Criação de uma unidade de negócios dedicada: Estabelecer uma unidade de negócios dedicada com sua própria estratégia e estrutura pode ajudar a empresa a experimentar novas tecnologias e modelos de negócios sem interromper as operações existentes. Isso pode ser benéfico, mas nem sempre é a melhor solução, pois há uma batalha entre o "velho e o novo". Portanto, é mais aconselhável tornar toda a empresa mais ágil e inovadora do que dar a uma parte a liberdade de trabalhar em algo novo enquanto a outra parte se sente "presa e deixada para trás". (essa última regra é opcional).
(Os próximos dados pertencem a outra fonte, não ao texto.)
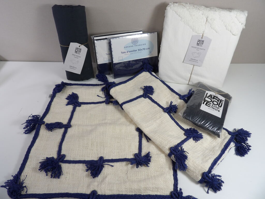 LINGE DE MAISON x7 articles : Housse de couette 200x200cm (finition avec boutons) et drap housse coton lavé 140x190cm LA REDOUTE, ainsi que x5 taies d'oreillers dont 2 de coussins ALINEA.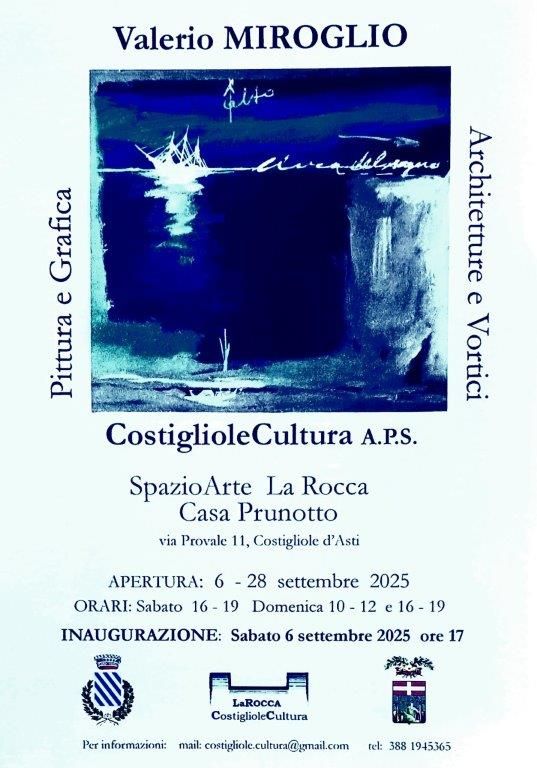 Sabato 6 settembre alle 17, nelle sale di Casa Prunotto ne La Rocca di Costigliole d’Asti, verrà inaugurata la mostra di pittura e grafica “Architetture e vortici” dell’artista Valerio Miroglio.

Concluindo, para quase todas as empresas, esses desafios para a inovação são um grande problema. Mas, especialmente as empresas grandes e bem-sucedidas precisam entender o dilema do inovador e tomar medidas proativas para superá-lo. As organizações devem buscar uma visão ágil e flexível de longo prazo, ser flexíveis em suas operações e apoiar a inovação, incentivar a experimentação constante e a assunção de riscos, identificar culturas tóxicas que podem inibir a inovação, desenvolver percepções do cliente, abraçar a inovação aberta, promover iniciativas de intraempreendedorismo, construir parcerias e colaborações com partes externas e monitorar continuamente as tendências do mercado.
Tudo isso pode parecer muito, mas gerenciar esses itens importantes de maneira adequada é de vital importância. O tamanho por si só não ajuda quando alguém aparece e assume o controle ou atrapalha seus negócios. É uma combinação de conscientização e boa governança que garante que sua organização possa inovar e se adaptar rapidamente.
Em se tratando de inovação, o conselho é: seja ágil, pense “fora da caixa” e experimente!